Click Test Connection to test the connectivity of the data source.
ImportantConnection tests are not supported for non-RDBMS data sources. Make sure that the data source connection information is accurate.
Click OK.
Step 4: Create and develop an offline pipeline task
On the data source page, move the mouse over the
icon in the upper-left corner and click Integration.On the Data Integration page, open the Create Pipeline Development Script dialog box.
In the navigation pane on the left, click Offline Management to go to the offline pipeline development page.
On the offline pipeline development page, click the
icon, select Offline Single Pipeline, and open the Create Pipeline Development Script dialog box.
In the Create Pipeline Development Script dialog box, configure the parameters.
Parameter
Description
Pipeline Name
Enter test.
Schedule Type
Select Manual Node.
Description
Enter a brief description. For example, Test custom component.
Select Directory
The default value is Offline Pipeline.
Click OK.
On the test offline pipeline page, click the
icon in the upper-right corner and then click Custom.Drag the custom_test_rdbms_mysql_Input Configuration and custom_test_rdbms_mysql_Output Configuration components to the pipeline canvas.
Connect the input and output components and click the
icon to configure the components. The following figure shows an example:
custom_test_rdbms_mysql_Input component configuration.
Parameter
Description
Step Name
Keep the default value for this tutorial.
You can also change the name. The naming convention is as follows: The name can contain only letters, digits, and hyphens (-). The name can be up to 64 characters long.
Data Source
Select test_rdbms_mysql.
Table
Set the source table to xin_test_src2.
Input Filter
No configuration is required for this tutorial.
The input filter specifies the filter conditions for the input fields.

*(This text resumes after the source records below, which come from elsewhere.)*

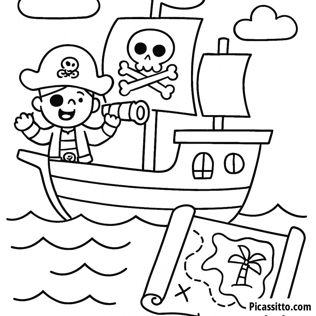 Setzen Sie die Segel zu einem bunten Abenteuer mit diesem kostenlosen Ausmalbild eines Piratenschiffs, das eine Schatzkarte zeigt! Perfekt für kleine Abenteurer, die bereit sind zu erkunden.
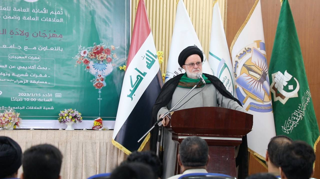 حضور ومشاركة لقسم الشؤون الدينية بفعاليات مهرجانَ ولادة السيّدة فاطمة الزهراء في جامعة ميسان..
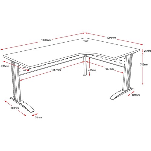 730mm H x1800 mm W x 1800 mm D Sturdy powder coated frame and legs One Piece Top with Cable Entry Holes for cable management E0 rated Enviroboard Tops Metal Powder coated Leg available in 3 colours Cable Tidy Management System in Leg Adjustable Feet Perforated Metal Modesty Panel 5 Years Manufacturers Warranty
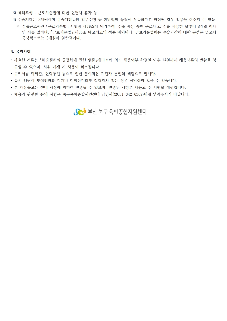 [부산북육아종합지원센터] 시간제보육교사, 운영요원 채용 변경 공고
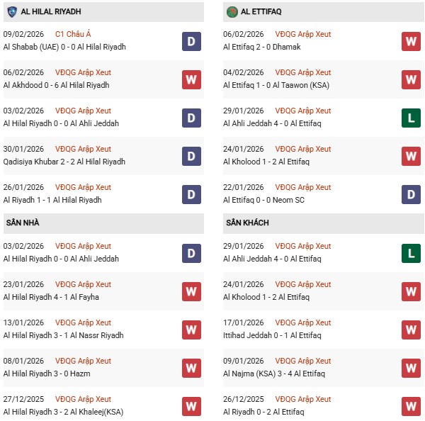 - Trên sân nhà, Al Hilal thắng 8, hòa 2 trước Al Ettifaq.

For example,
ds=${bizdate}.The input filter is applicable to the following scenarios:
A fixed part of the data.
Parameter-based filtering.
Output Fields
The output fields are the fields whose data you want to synchronize. In this tutorial, add the id and name fields from the source table xin_test_scr2 as the output fields of the input component:
In the Output Fields section, click New Output Field.

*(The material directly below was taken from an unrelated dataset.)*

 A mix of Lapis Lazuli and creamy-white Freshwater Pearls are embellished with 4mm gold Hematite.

Set Output Field to id, and set Type to String.
Click New Output Field.
Set Output Field to name, and set Type to String.

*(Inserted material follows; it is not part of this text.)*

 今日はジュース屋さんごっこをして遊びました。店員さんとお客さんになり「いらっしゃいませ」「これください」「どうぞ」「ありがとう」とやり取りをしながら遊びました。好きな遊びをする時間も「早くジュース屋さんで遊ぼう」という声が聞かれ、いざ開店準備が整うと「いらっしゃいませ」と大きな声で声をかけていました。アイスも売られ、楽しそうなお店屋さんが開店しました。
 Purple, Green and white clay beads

custom_test_rdbms_mysql_Output component configuration.
Parameter
Description
Step Name
Keep the default value for this tutorial.
You can also change the name. The naming convention is as follows: The name can contain only letters, digits, and hyphens (-). The name can be up to 64 characters long.
Data Source
Select test_rdbms_mysql.
Table
Enter xin_test_dst_1 as the destination table.
Parsing Scheme
You do not need to make a selection for this tutorial.
The parsing scheme is optional. It specifies special processing methods before and after data output. The parsing scheme includes a preparation statement and a completion statement: Preparation statement: The SQL script to execute before import. Completion statement: The SQL script to execute after import.
Input Fields
The output fields configured in the input component are displayed by default.
Output Fields
Output fields are the fields whose data you want to sync. In this tutorial, add the id and name fields from the source table xin_test_scr2 as the output fields for the output component:
In the Output Fields section, click New Output Field.
Set Output Field to id, and set Type to String.
Click New Output Field.
Set Output Field to name, and set Type to String.
Mapping
Click Quick Mapping and select Map by Name.
The mapping specifies the relationship between the output fields of the input component and the output fields of the output component. Mappings include Map by Name and Map by Row:
Map by Name: Maps fields that have the same name.
Map by Row: Maps fields in the same row. After you map by row, the input fields become the final output fields.
Click OK.
In the canvas toolbar, click Run to run the offline pipeline task and check whether the task runs as expected.